■ DATA UNDER STUDY:

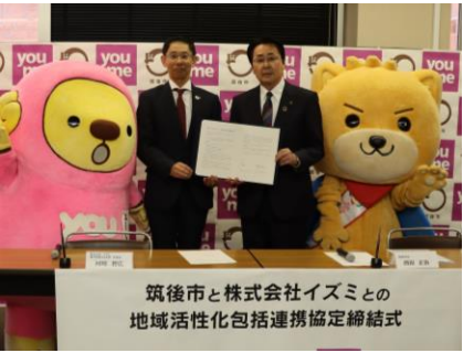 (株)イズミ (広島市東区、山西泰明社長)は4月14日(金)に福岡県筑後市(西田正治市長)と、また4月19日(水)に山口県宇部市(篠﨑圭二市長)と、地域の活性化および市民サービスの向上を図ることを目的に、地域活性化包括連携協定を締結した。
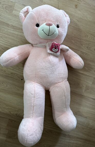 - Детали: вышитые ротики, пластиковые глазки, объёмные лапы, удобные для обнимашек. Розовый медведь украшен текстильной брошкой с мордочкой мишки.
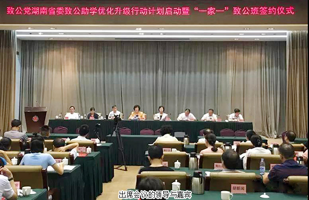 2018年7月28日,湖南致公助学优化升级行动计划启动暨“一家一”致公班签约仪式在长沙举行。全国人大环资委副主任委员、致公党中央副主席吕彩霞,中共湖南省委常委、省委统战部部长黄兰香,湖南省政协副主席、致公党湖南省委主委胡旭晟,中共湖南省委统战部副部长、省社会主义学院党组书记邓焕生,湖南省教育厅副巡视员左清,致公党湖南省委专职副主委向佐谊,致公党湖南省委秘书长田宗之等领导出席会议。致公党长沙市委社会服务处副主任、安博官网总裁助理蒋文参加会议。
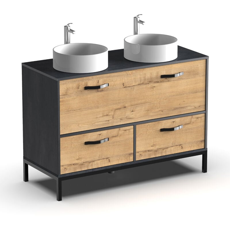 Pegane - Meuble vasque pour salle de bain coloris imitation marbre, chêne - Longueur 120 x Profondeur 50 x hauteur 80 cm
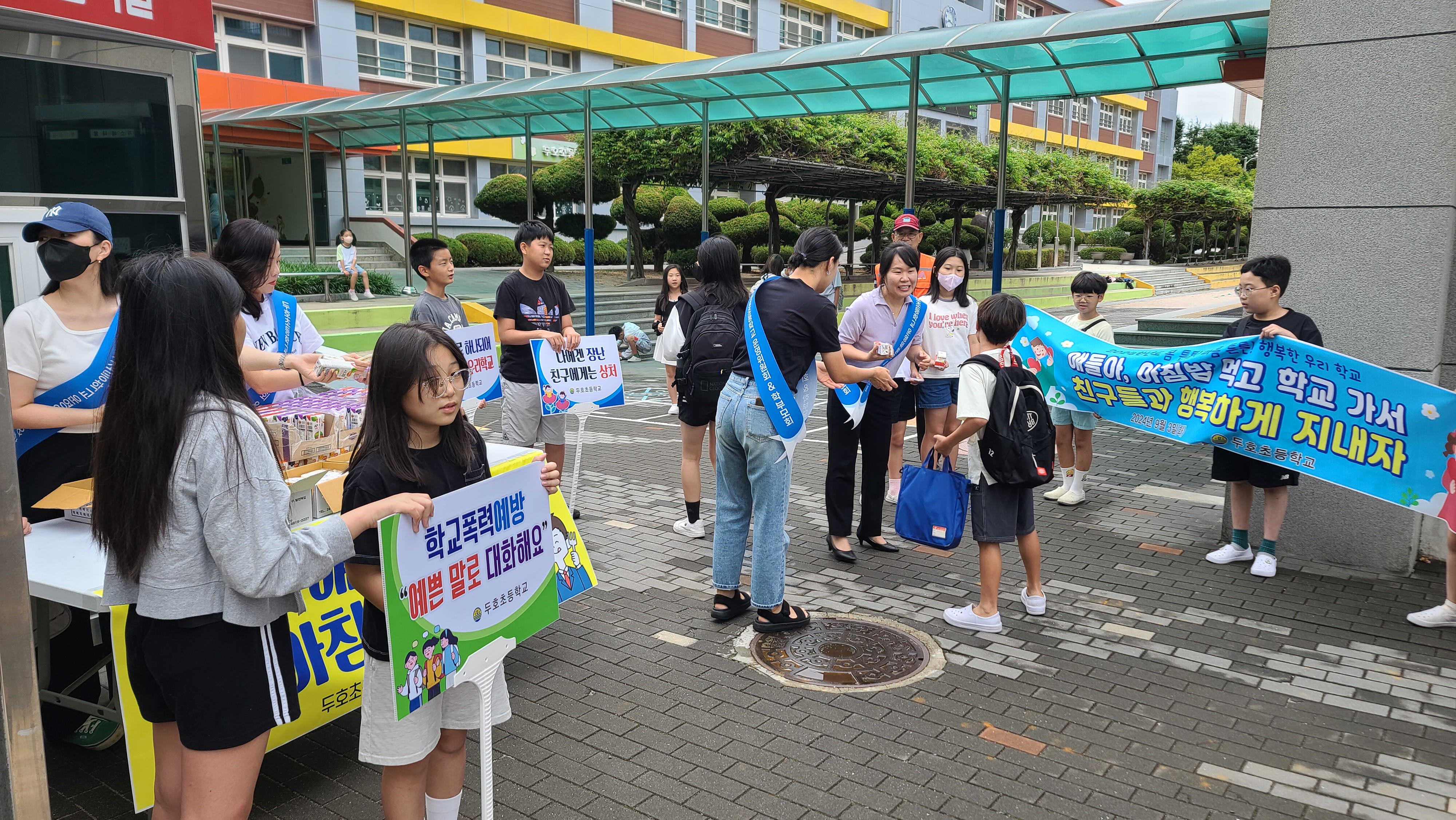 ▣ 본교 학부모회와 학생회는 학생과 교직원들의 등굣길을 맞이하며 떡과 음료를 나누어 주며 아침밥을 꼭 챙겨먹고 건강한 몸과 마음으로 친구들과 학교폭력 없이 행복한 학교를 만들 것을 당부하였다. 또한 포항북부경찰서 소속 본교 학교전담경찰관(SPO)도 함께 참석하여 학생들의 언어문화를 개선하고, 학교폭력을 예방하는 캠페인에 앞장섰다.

...

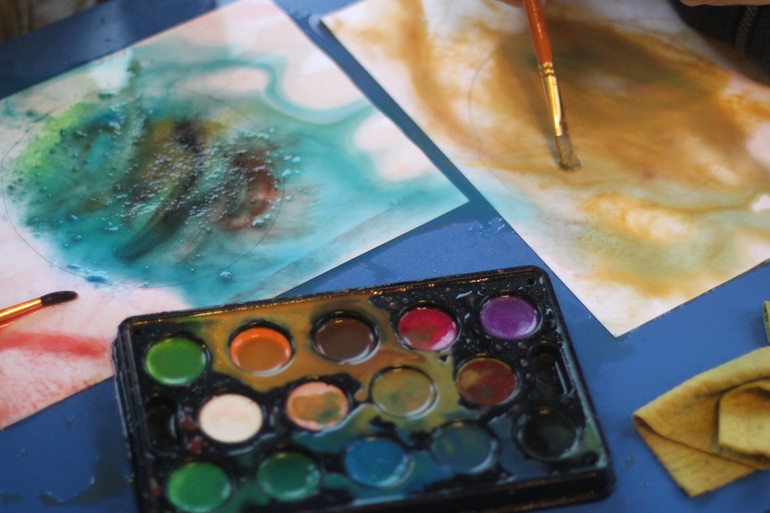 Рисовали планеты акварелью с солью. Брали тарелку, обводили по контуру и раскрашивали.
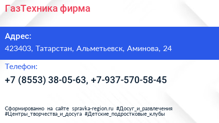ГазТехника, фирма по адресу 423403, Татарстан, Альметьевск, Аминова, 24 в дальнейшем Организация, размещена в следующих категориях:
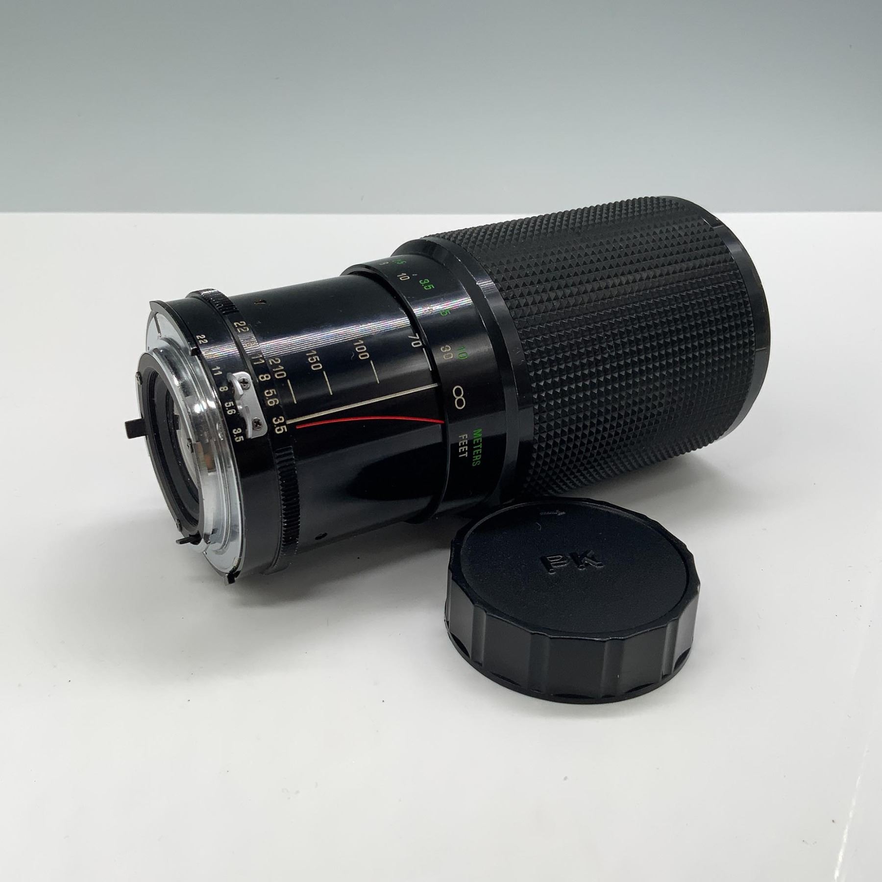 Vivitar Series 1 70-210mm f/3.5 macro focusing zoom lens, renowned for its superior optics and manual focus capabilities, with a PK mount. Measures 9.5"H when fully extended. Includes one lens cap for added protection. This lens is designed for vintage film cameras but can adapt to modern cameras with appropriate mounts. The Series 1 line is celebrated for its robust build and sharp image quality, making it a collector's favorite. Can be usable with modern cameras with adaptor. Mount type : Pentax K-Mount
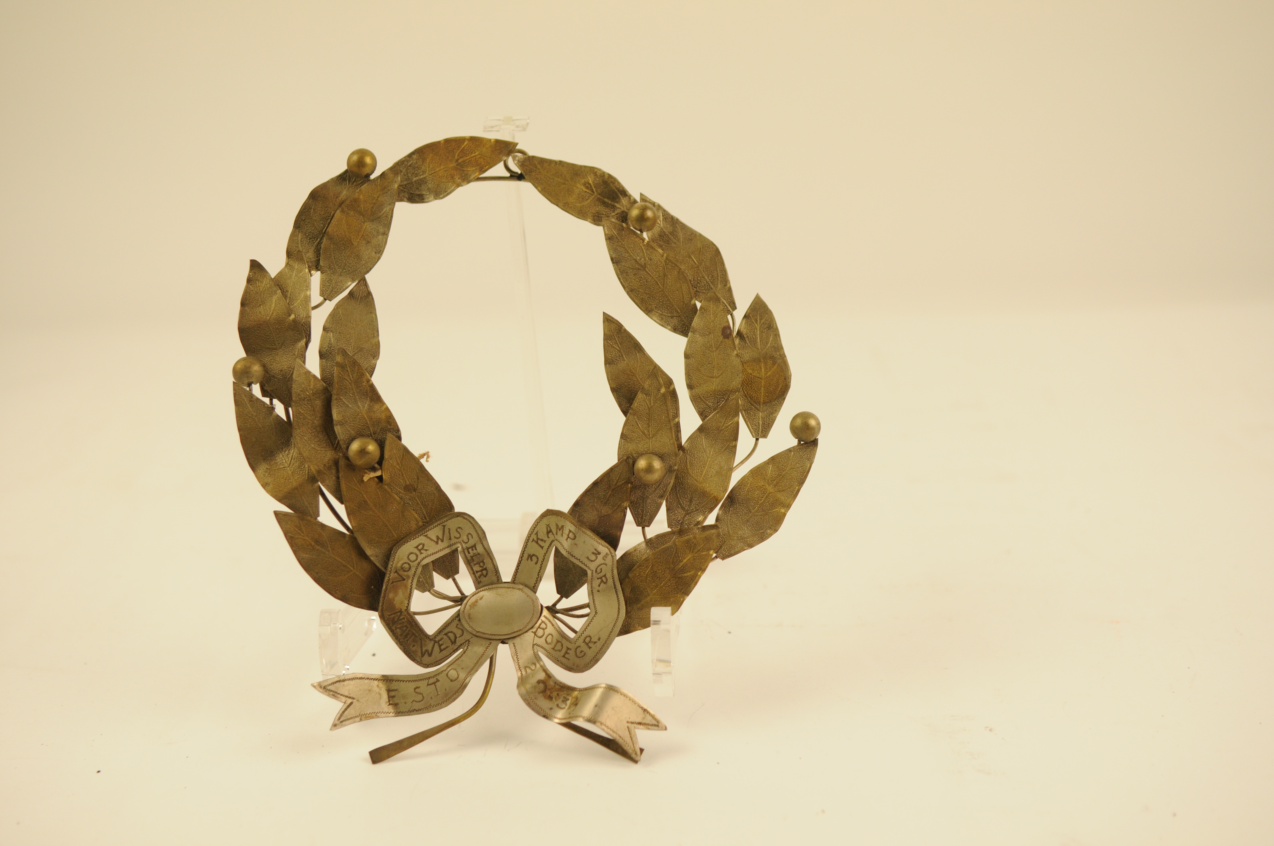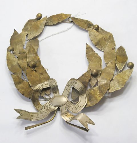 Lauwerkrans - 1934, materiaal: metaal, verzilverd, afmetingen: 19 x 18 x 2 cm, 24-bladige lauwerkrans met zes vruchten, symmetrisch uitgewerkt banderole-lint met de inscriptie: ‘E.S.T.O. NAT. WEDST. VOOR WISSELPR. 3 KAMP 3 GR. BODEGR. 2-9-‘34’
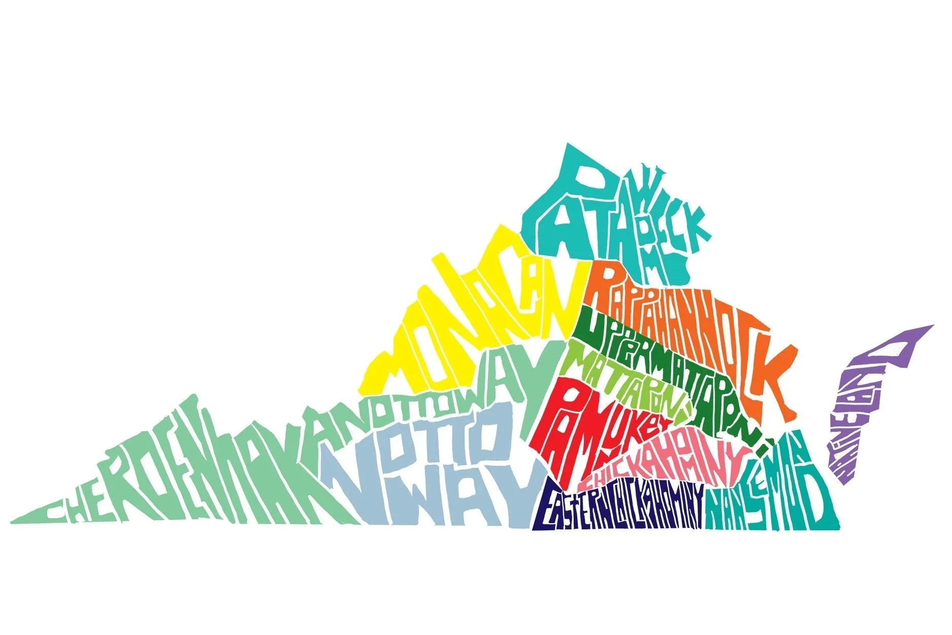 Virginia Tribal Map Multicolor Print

■ YOUR TASK: All pictures are to be skipped. Output, word for word, the lines in the data above starting at the line containing "(株)イズミ (広島市東区、" and ending at the line containing "예방하는 캠페인에 앞장섰다.".

■ RESPONSE TO THE TASK:
 (株)イズミ (広島市東区、山西泰明社長)は4月14日(金)に福岡県筑後市(西田正治市長)と、また4月19日(水)に山口県宇部市(篠﨑圭二市長)と、地域の活性化および市民サービスの向上を図ることを目的に、地域活性化包括連携協定を締結した。
 - Детали: вышитые ротики, пластиковые глазки, объёмные лапы, удобные для обнимашек. Розовый медведь украшен текстильной брошкой с мордочкой мишки.
 2018年7月28日,湖南致公助学优化升级行动计划启动暨“一家一”致公班签约仪式在长沙举行。全国人大环资委副主任委员、致公党中央副主席吕彩霞,中共湖南省委常委、省委统战部部长黄兰香,湖南省政协副主席、致公党湖南省委主委胡旭晟,中共湖南省委统战部副部长、省社会主义学院党组书记邓焕生,湖南省教育厅副巡视员左清,致公党湖南省委专职副主委向佐谊,致公党湖南省委秘书长田宗之等领导出席会议。致公党长沙市委社会服务处副主任、安博官网总裁助理蒋文参加会议。
 Pegane - Meuble vasque pour salle de bain coloris imitation marbre, chêne - Longueur 120 x Profondeur 50 x hauteur 80 cm
 ▣ 본교 학부모회와 학생회는 학생과 교직원들의 등굣길을 맞이하며 떡과 음료를 나누어 주며 아침밥을 꼭 챙겨먹고 건강한 몸과 마음으로 친구들과 학교폭력 없이 행복한 학교를 만들 것을 당부하였다. 또한 포항북부경찰서 소속 본교 학교전담경찰관(SPO)도 함께 참석하여 학생들의 언어문화를 개선하고, 학교폭력을 예방하는 캠페인에 앞장섰다.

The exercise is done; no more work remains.